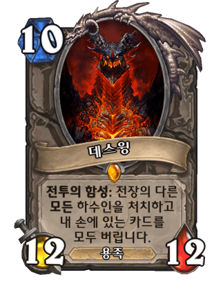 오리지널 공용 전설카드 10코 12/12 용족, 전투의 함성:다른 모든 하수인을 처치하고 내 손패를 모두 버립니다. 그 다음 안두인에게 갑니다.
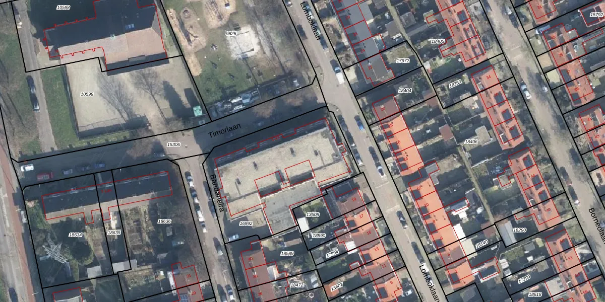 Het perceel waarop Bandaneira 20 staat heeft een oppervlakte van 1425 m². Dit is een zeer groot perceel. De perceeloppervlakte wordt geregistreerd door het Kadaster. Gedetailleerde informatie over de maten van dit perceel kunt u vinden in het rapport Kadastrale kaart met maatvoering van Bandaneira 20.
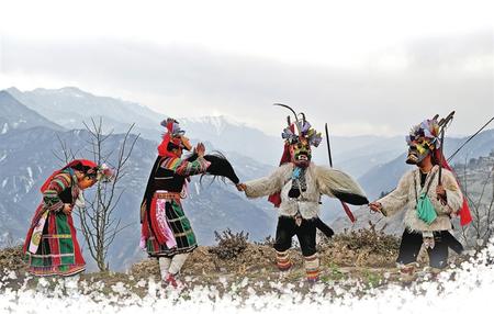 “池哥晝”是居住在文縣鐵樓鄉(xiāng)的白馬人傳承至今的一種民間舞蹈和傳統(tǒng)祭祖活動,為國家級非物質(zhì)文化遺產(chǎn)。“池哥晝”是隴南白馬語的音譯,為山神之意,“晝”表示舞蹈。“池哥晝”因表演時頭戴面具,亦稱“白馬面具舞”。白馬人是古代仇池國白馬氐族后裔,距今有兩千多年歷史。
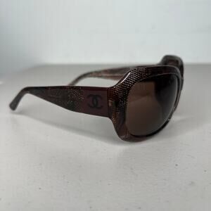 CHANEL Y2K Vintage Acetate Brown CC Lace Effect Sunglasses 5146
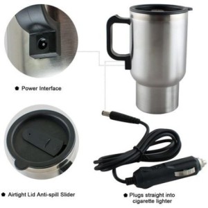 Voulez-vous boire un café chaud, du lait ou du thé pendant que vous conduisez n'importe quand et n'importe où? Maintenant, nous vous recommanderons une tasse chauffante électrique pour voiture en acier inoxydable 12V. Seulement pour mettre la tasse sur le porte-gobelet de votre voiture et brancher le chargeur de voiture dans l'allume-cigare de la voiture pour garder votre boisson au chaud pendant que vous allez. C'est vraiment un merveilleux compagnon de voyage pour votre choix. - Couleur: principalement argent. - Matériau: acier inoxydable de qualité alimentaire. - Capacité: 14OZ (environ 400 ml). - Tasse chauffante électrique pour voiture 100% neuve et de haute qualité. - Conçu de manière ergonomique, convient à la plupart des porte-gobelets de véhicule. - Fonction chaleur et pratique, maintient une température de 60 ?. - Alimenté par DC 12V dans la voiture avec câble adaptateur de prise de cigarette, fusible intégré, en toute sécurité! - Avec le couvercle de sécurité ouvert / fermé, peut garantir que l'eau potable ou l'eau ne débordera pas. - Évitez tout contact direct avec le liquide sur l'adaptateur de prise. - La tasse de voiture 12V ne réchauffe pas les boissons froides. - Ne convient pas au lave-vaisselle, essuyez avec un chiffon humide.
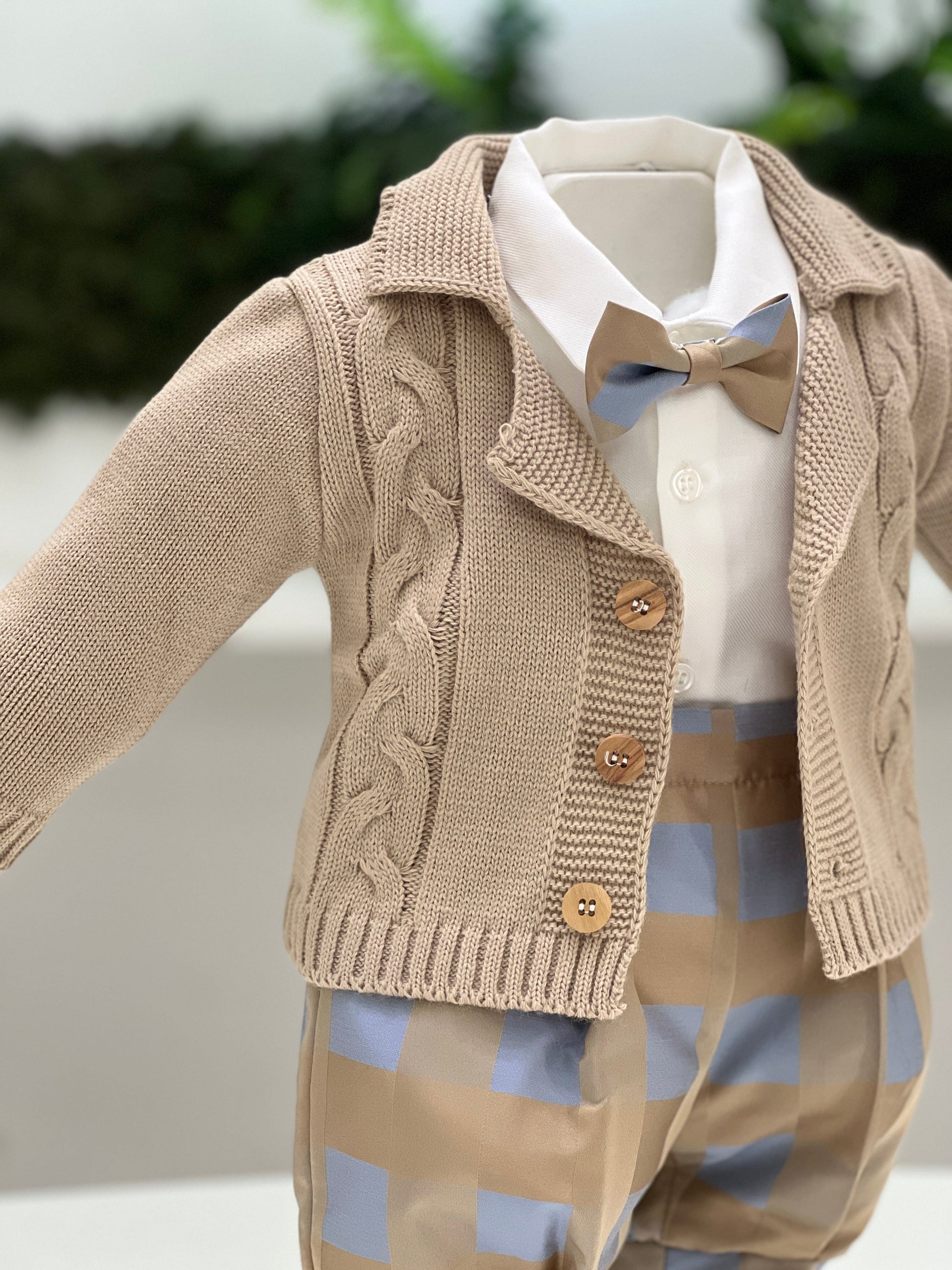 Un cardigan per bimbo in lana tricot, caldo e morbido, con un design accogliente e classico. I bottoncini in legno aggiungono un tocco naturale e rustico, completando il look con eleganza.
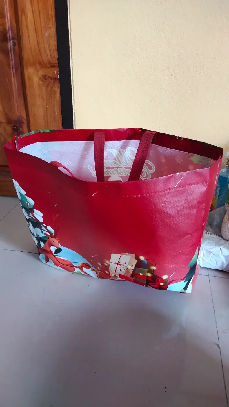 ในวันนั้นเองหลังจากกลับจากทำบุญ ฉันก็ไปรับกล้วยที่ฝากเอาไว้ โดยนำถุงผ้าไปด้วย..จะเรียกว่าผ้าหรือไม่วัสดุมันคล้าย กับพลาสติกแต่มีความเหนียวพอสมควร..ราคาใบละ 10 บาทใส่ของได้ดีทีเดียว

* * *

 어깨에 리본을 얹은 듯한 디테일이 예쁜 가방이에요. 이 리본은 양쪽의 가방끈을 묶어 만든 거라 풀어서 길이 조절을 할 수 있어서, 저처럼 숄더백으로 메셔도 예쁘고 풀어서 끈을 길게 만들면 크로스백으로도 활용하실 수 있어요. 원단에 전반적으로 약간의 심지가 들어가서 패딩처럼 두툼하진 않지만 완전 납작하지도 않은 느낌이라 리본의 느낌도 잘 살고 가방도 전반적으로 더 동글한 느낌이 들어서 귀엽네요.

Assignment: Your answer must be the lines above from the one holding "오리지널 공용 전설카드" up to and including the one holding "CHANEL Y2K Vintage", exact and with no pictures.

Response to the exercise:
 오리지널 공용 전설카드 10코 12/12 용족, 전투의 함성:다른 모든 하수인을 처치하고 내 손패를 모두 버립니다. 그 다음 안두인에게 갑니다.
 Het perceel waarop Bandaneira 20 staat heeft een oppervlakte van 1425 m². Dit is een zeer groot perceel. De perceeloppervlakte wordt geregistreerd door het Kadaster. Gedetailleerde informatie over de maten van dit perceel kunt u vinden in het rapport Kadastrale kaart met maatvoering van Bandaneira 20.
 “池哥晝”是居住在文縣鐵樓鄉(xiāng)的白馬人傳承至今的一種民間舞蹈和傳統(tǒng)祭祖活動,為國家級非物質(zhì)文化遺產(chǎn)。“池哥晝”是隴南白馬語的音譯,為山神之意,“晝”表示舞蹈。“池哥晝”因表演時頭戴面具,亦稱“白馬面具舞”。白馬人是古代仇池國白馬氐族后裔,距今有兩千多年歷史。
 CHANEL Y2K Vintage Acetate Brown CC Lace Effect Sunglasses 5146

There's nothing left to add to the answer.